Ohne den Mauerfall wäre die heutige Unterhaltungsbranche um einiges ärmer. Ein Blick auf die Biografien vieler Stars und vor allem prominenter Schauspieler der Bundesrepublik offenbart eine DDR-Herkunft.



TV-Stars aus dem Osten - Jan Josef Liefers
Jan Josef Liefers (r), Schauspieler, steht im Wachsfigurenkabinett Madame Tussauds Berlin neben der Wachsfigur seiner Tatort-Rolle Prof. Karl-Friedrich Boerne.   Foto: Christoph Soeder

Ausgerechnet im ausgesprochen westdeutschen Münster, der katholisch geprägten Universitätsstadt in Westfalen, gehört Jan Josef Liefers zum «Tatort»-Team. Geboren wurde der Schauspieler vor 55 Jahren auf der ganz anderen Seite der Republik, in Dresden, in einem Land, das es heute nicht mehr gibt: in der DDR. Liefers gehört heute zu den beliebtesten TV-Promis. Und es fällt 30 Jahre nach dem Mauerfall auf, dass viele von Deutschlands populärsten Film- und Fernsehstars aus dem Osten kommen.

Eine gängige These lautet, dass Deutschlands Politik und Wirtschaft von Wessis dominiert würden. Als Gegenentwurf dazu ließe sich die These aufstellen, dass viele der bekanntesten Gesichter und Stimmen der Unterhaltungsbranche aus dem Osten Deutschlands stammen.

Es geht hier nicht um ausgebürgerte oder übergesiedelte Promis wie Manfred Krug, Winfried Glatzeder und Nina Hagen und auch nicht um die früheren Stars des DFF, des staatlichen DDR-Fernsehens, also Leute wie Wolfgang Lippert, Karsten Speck und Gunther Emmerlich, die mehr oder weniger auch Karriere im wiedervereinigten Deutschland machten.

Die Rede soll hier sein von Menschen, die ihre ersten Jahrzehnte oder auch nur Kinderjahre in der DDR erlebten und nach der Wende und Wiedervereinigung gesamtdeutsch oder gar international durchstarteten. In der Musikbranche gehören dazu die Musiker von Rammstein, Tim Bendzko, der Rapper Sido und die Magdeburger Zwillinge Bill und Tom Kaulitz von Tokio Hotel, bei den Fernsehmoderatorinnen und -moderatoren Inka Bause, Carmen Nebel und Kai Pflaume.

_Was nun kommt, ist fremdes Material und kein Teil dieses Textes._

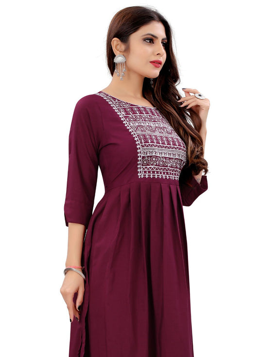Designer Kurti Rayon Burgundy Embroidered Kurtis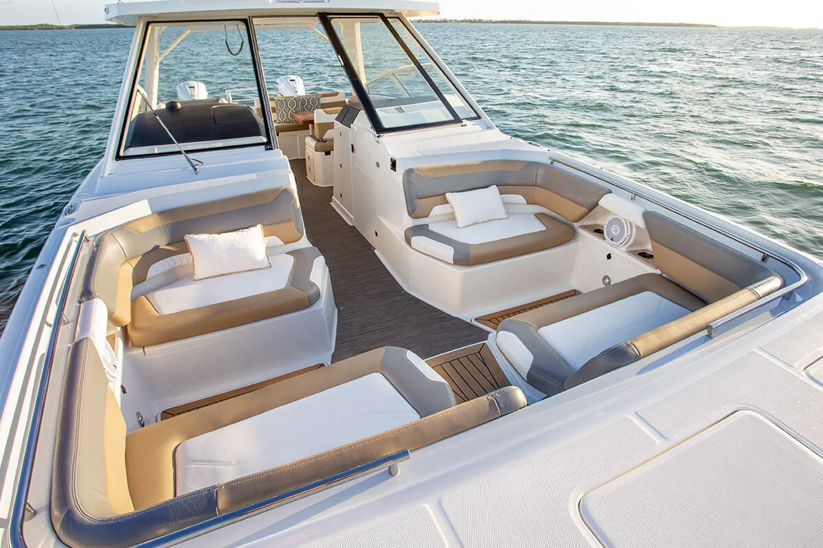 Thanks to its dual-hull design, the 400DC-X ensures an incredibly stable and smooth ride, even in rough seas. This makes it ideal for offshore boating and cruising along the Arabian Gulf.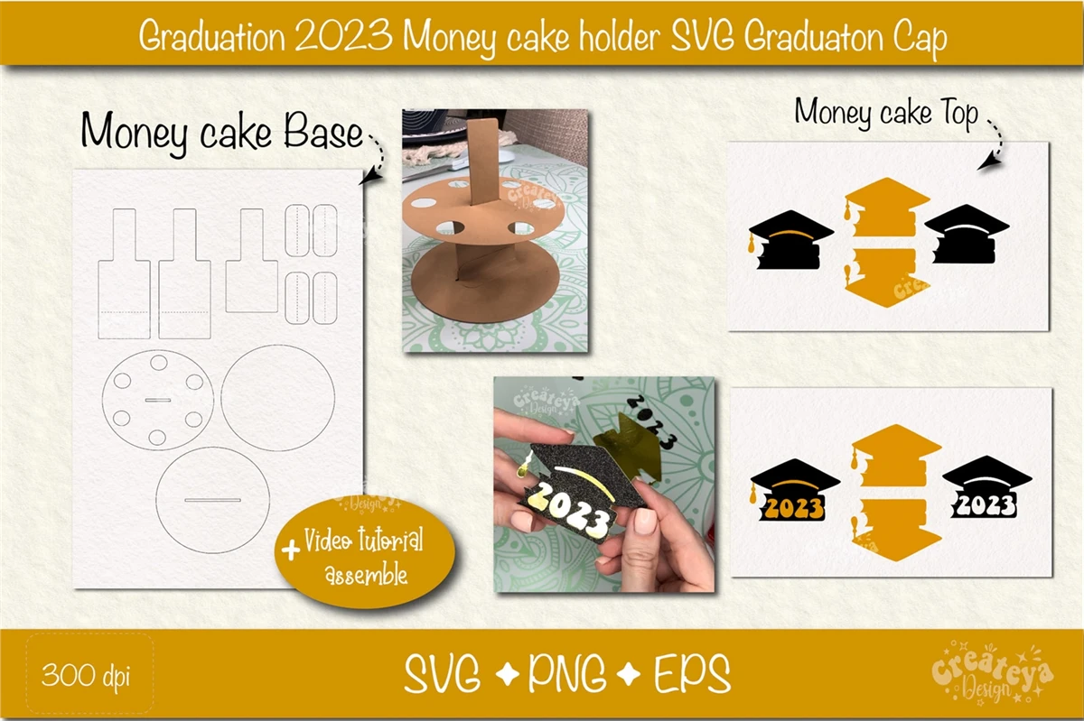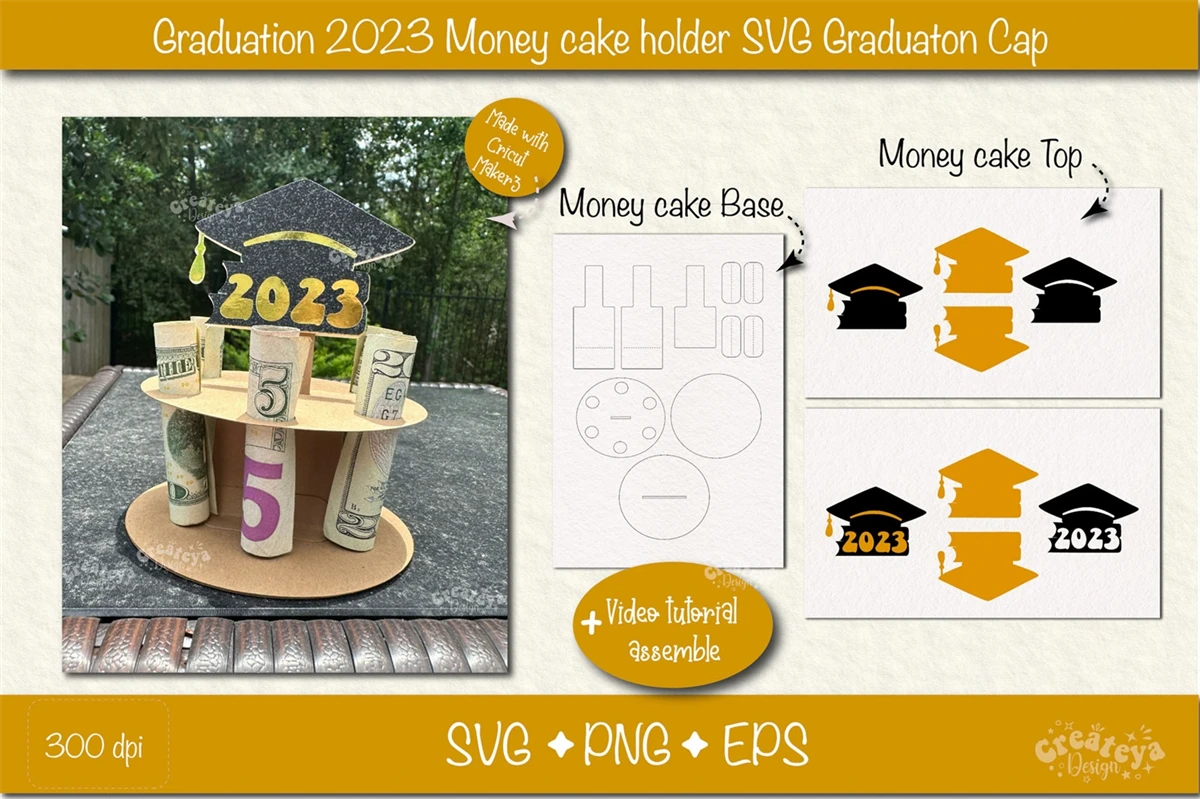 Graduation money cake SVG, Cardstock money cake template for Graduation 2023. Money holder SVG with 2 Graduation Cap Toppers Paper cutting. SVG template cut file for Cricut or other cutting machines.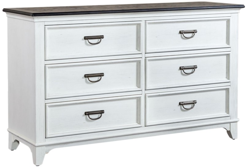 Create a classic cottage style with 6 drawer dresser. The two-toned wire brushed white finish with charcoal top adds a taste of vintage, allowing this piece to work from the mountains to an industrial loft. The charcoal top is accented by planks while the white base is highlighted by bead molding and antique pewter hardware.Read More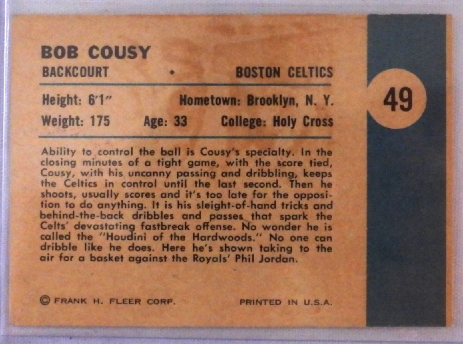 Bob Cousy Fleer 1961 card, good condition
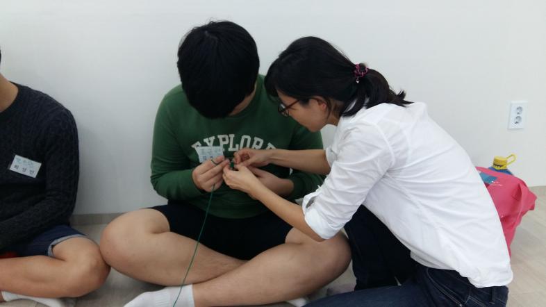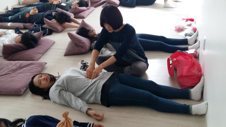 자원봉사 선생님께서 정성스런 손길로 긴장을 풀어주면서 좀 더 편안한 이완을 유도하고 계시는군요~~

Eine Liste von bekannten ostdeutschen Schauspielerinnen und Schauspielern gerät rasch sehr lang: Neben Jan Josef Liefers gehören auch dessen Frau Anna Loos sowie die gebürtigen Dresdner Claudia Michelsen, Cornelia Gröschel und Martin Brambach dazu, ebenso die bei Potsdam aufgewachsenen Schwestern Anja Kling und Gerit Kling, die in Erfurt geborene Yvonne Catterfeld oder auch Sandra Hüller und Corinna Harfouch, die beide in Suhl geboren wurden.

Aus Leipzig stammen Maria Simon und Simone Thomalla, Sven Martinek dagegen kommt aus Magdeburg und Sylvester Groth aus Jerichow in Sachsen-Anhalt. Charly Hübner kam in Neustrelitz in Mecklenburg-Vorpommern zur Welt, Devid Striesow in Bergen auf Rügen und Matthias Schweighöfer in Anklam nahe der Insel Usedom.

Anfang der 80er Jahre in Ost-Berlin geboren wurden Filmstars wie Karoline Herfurth, Tom Schilling, Alexander Fehling, Friedrich Mücke und Nora Tschirner. Zur Wende schon Teenager oder älter waren die gebürtigen Ost-Berliner Jördis Triebel, Ronald Zehrfeld, Fritzi Haberlandt, Milan Peschel, Lina Wendel und Pierre Sanoussi-Bliss.

Schon zu DDR-Zeiten ein Theaterstar waren Michael Gwisdek und Peter Kurth, ebenso wie der spätere «Landarzt» Walter Plathe und «In aller Freundschaft»-Chefarzt Thomas Rühmann. Die heute in Franken ermittelnde «Tatort»-Kommissarin Dagmar Manzel spielte eine unglücklich Verliebte im Defa-Schwulendrama «Coming Out», das am Abend des Mauerfalls 1989 in Berlin (Ost) Premiere feierte.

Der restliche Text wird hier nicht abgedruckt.